Start of PROVIDED DATA

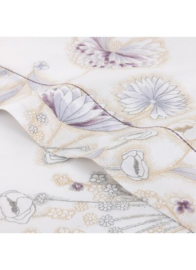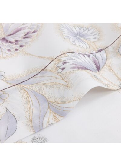 Le modèle Givre se distingue par son motif subtil, évoquant des fleurs hivernales rendues iridescentes sous l'éclat de la lumière de l'hiver. Cette interprétation poétique de la flore s'inscrit comme une signature emblématique du style Yves Delorme.
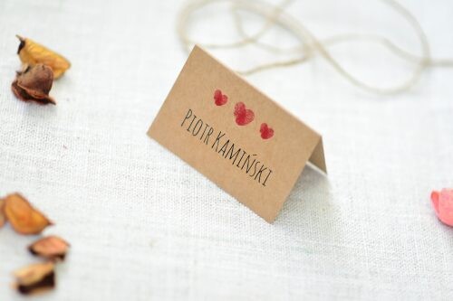 W sali weselnej udekorowanej w stylu boho lub romantycznym pięknie będą prezentować się winietki na stół bogato zdobione kwiecistymi wzorami, lub złotą obramówką. Niezwykle efektownie wyglądają również etykietki z nadrukiem rustykalnego bukietu bądź serduszek. Najlepiej zamówić etykietki w komplecie z zaproszeniami.
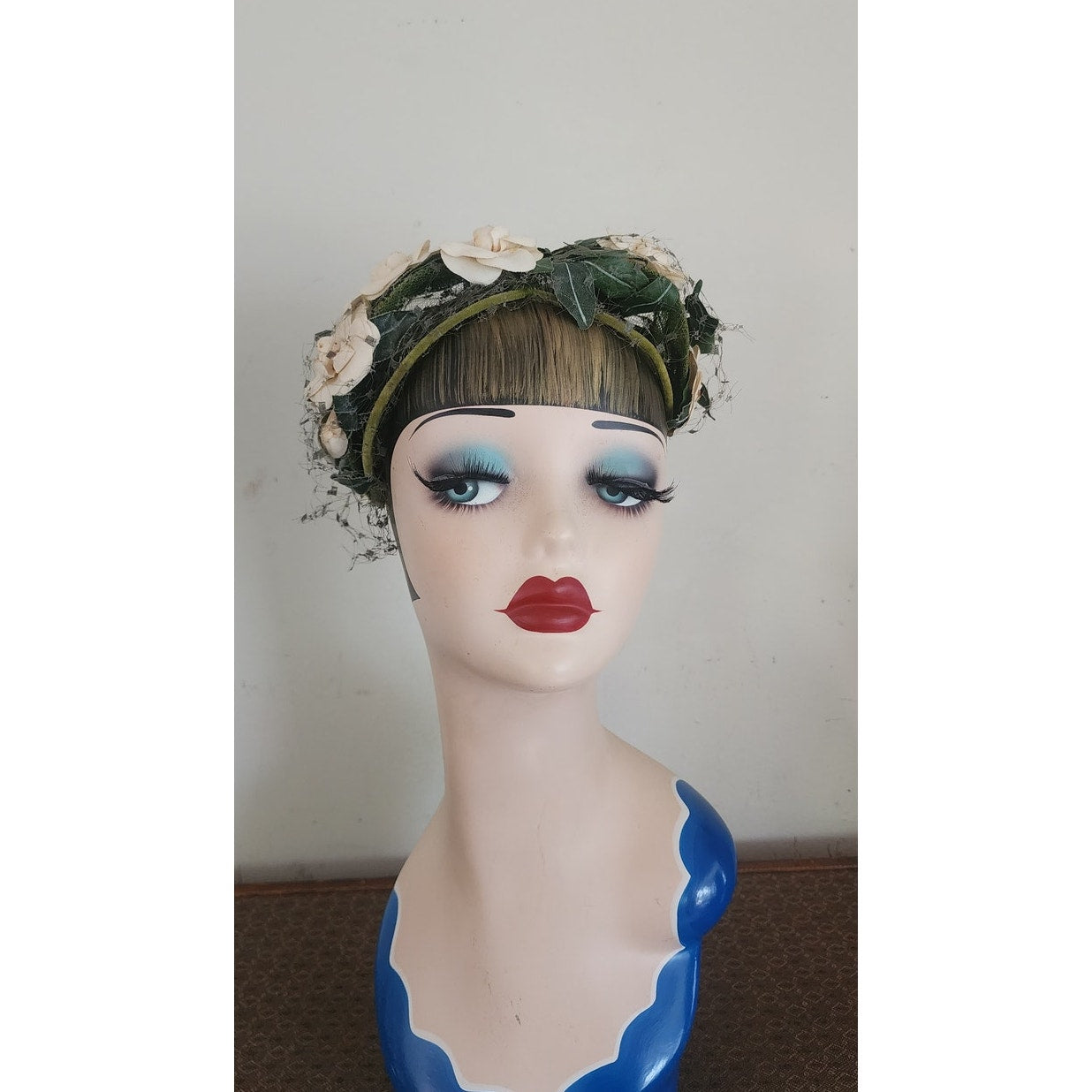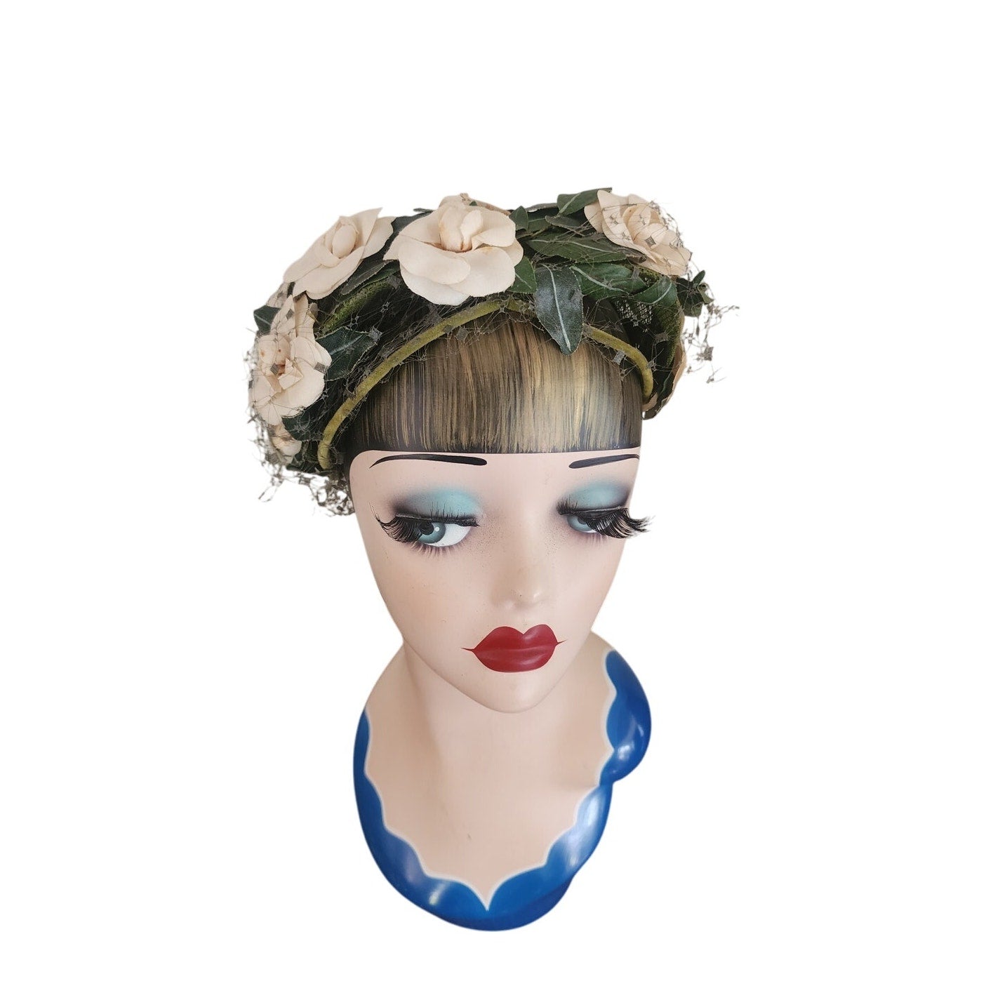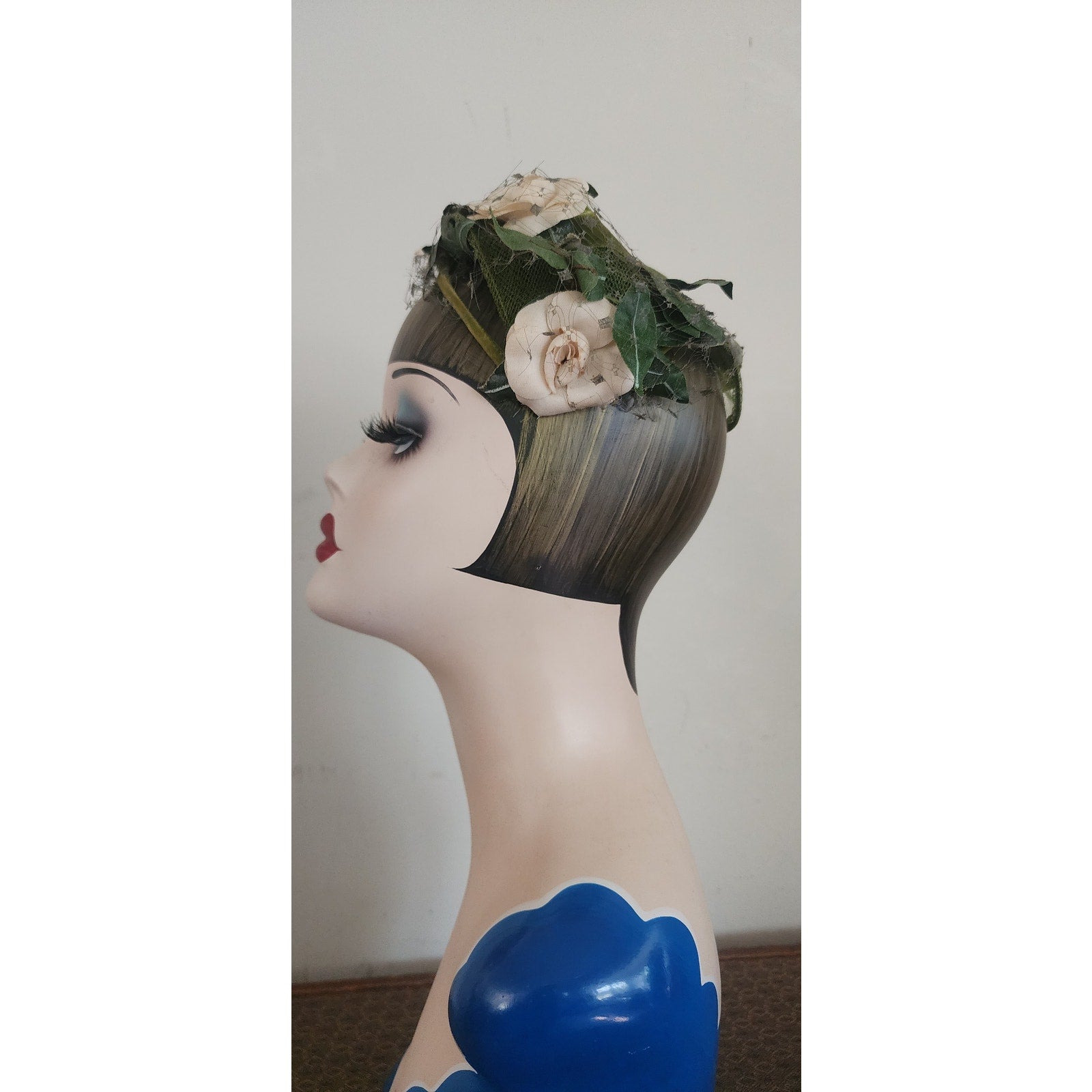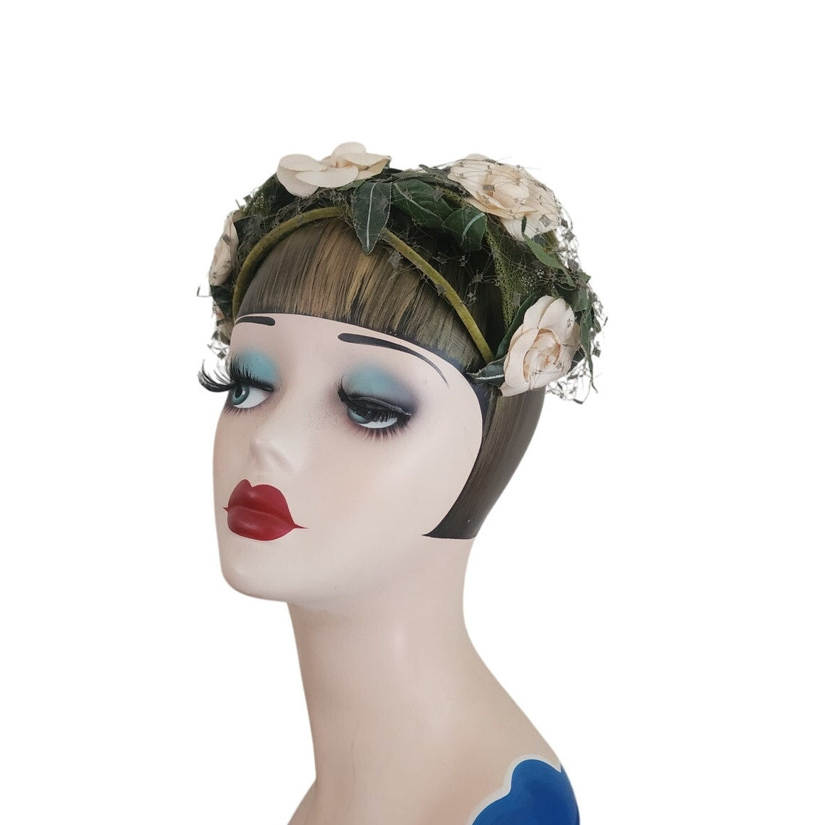 Green velvet frame with mesh at center. Front is festooned in cream silk flowers offset with dark green leaves. Green veil at rear and front. Conforms to the head. Great for vintage bridal looks.
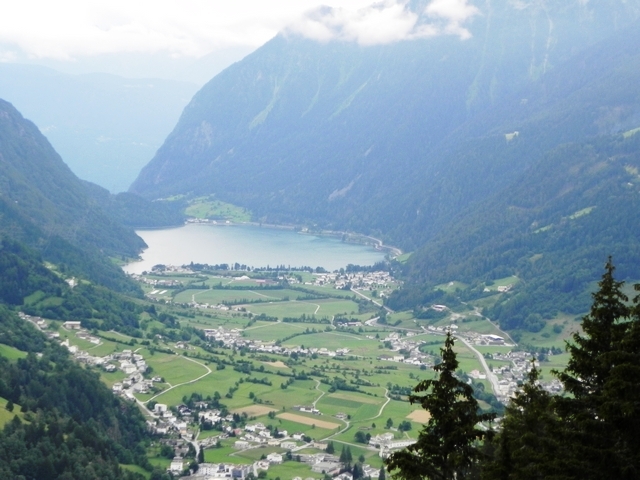 Ещё несколько зигзагов серпантина и нашим глазам предстаёт картина на раскинувшийся в залитой солнцем долине безмятежный италоязычный городок Поскьяво.
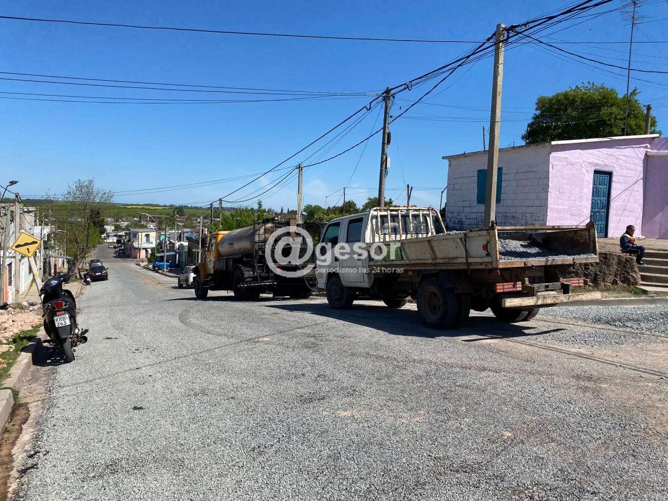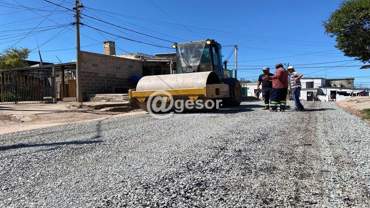 Paralelamente se sigue trabajando en la preparación de la base granular en otras calles del barrio, tareas a cargo del Dpto. de Obras de la comuna, que generan un intenso movimiento de maquinaria vial y personal.
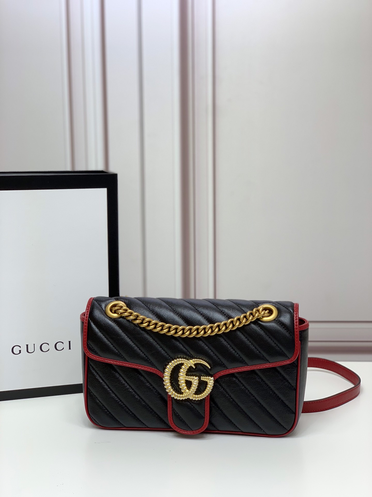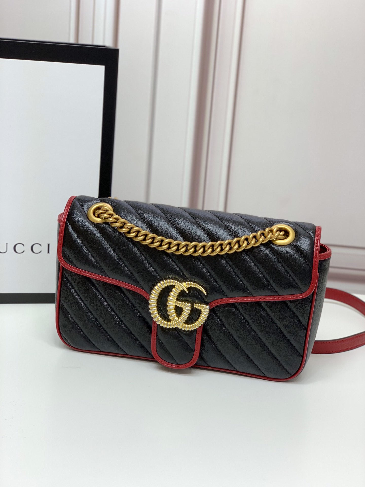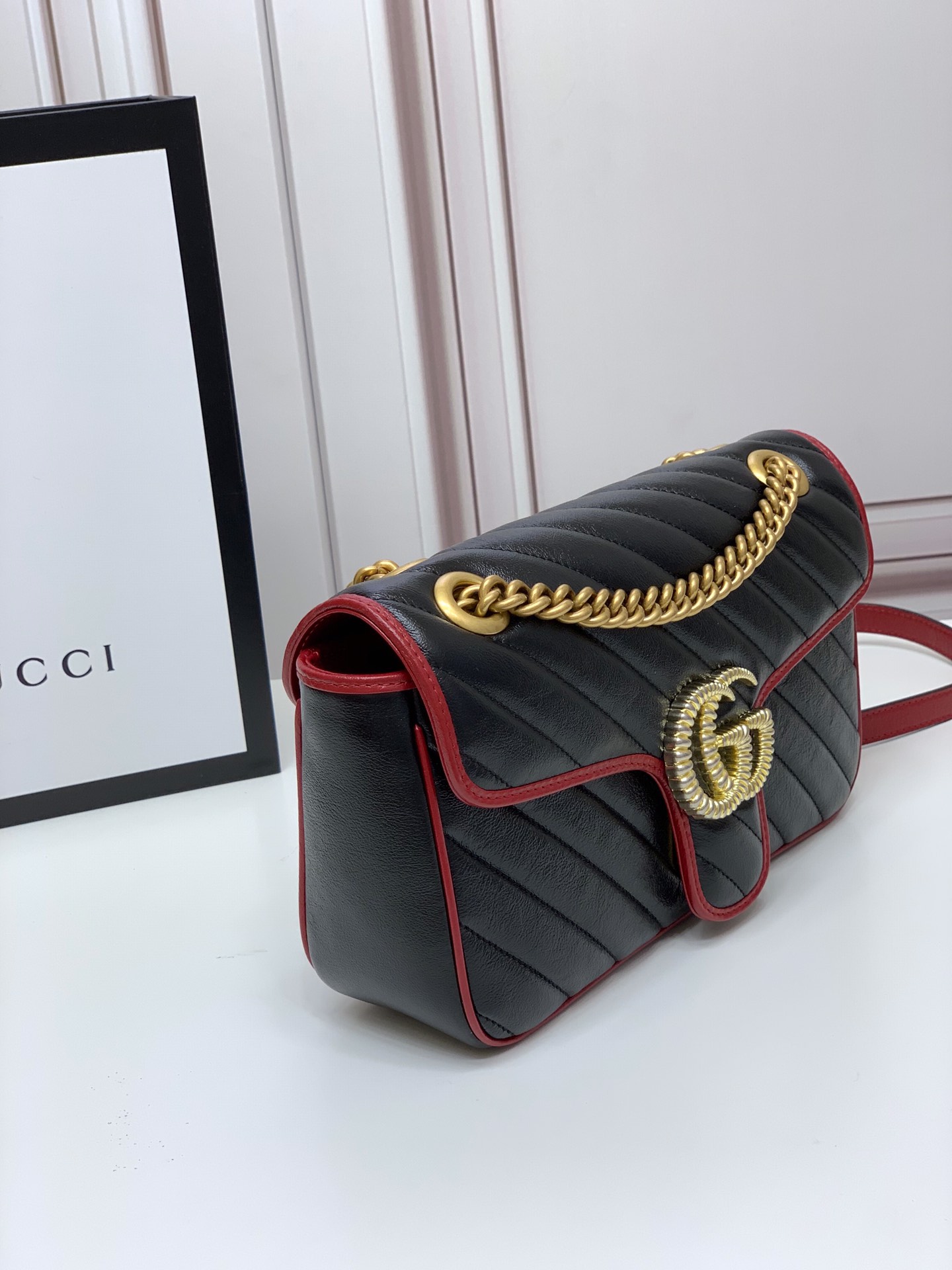 This handbag is crafted of soft calfskin leather in black. This bag features red leather trim, an antique gold chain shoulder strap with red leather shoulder pad and an interlocking antique GG logo closure. The front flap opens to a beige fabric interior with a zipper pocket. This is a fashionable everyday shoulder bag, from Gucci!

End of PROVIDED DATA

* _EXERCISE DETAILS_
Could you reproduce the listing above exactly and drop every picture?

* _REPLY_
 Le modèle Givre se distingue par son motif subtil, évoquant des fleurs hivernales rendues iridescentes sous l'éclat de la lumière de l'hiver. Cette interprétation poétique de la flore s'inscrit comme une signature emblématique du style Yves Delorme.
 W sali weselnej udekorowanej w stylu boho lub romantycznym pięknie będą prezentować się winietki na stół bogato zdobione kwiecistymi wzorami, lub złotą obramówką. Niezwykle efektownie wyglądają również etykietki z nadrukiem rustykalnego bukietu bądź serduszek. Najlepiej zamówić etykietki w komplecie z zaproszeniami.
 Green velvet frame with mesh at center. Front is festooned in cream silk flowers offset with dark green leaves. Green veil at rear and front. Conforms to the head. Great for vintage bridal looks.
 Ещё несколько зигзагов серпантина и нашим глазам предстаёт картина на раскинувшийся в залитой солнцем долине безмятежный италоязычный городок Поскьяво.
 Paralelamente se sigue trabajando en la preparación de la base granular en otras calles del barrio, tareas a cargo del Dpto. de Obras de la comuna, que generan un intenso movimiento de maquinaria vial y personal.
 This handbag is crafted of soft calfskin leather in black. This bag features red leather trim, an antique gold chain shoulder strap with red leather shoulder pad and an interlocking antique GG logo closure. The front flap opens to a beige fabric interior with a zipper pocket. This is a fashionable everyday shoulder bag, from Gucci!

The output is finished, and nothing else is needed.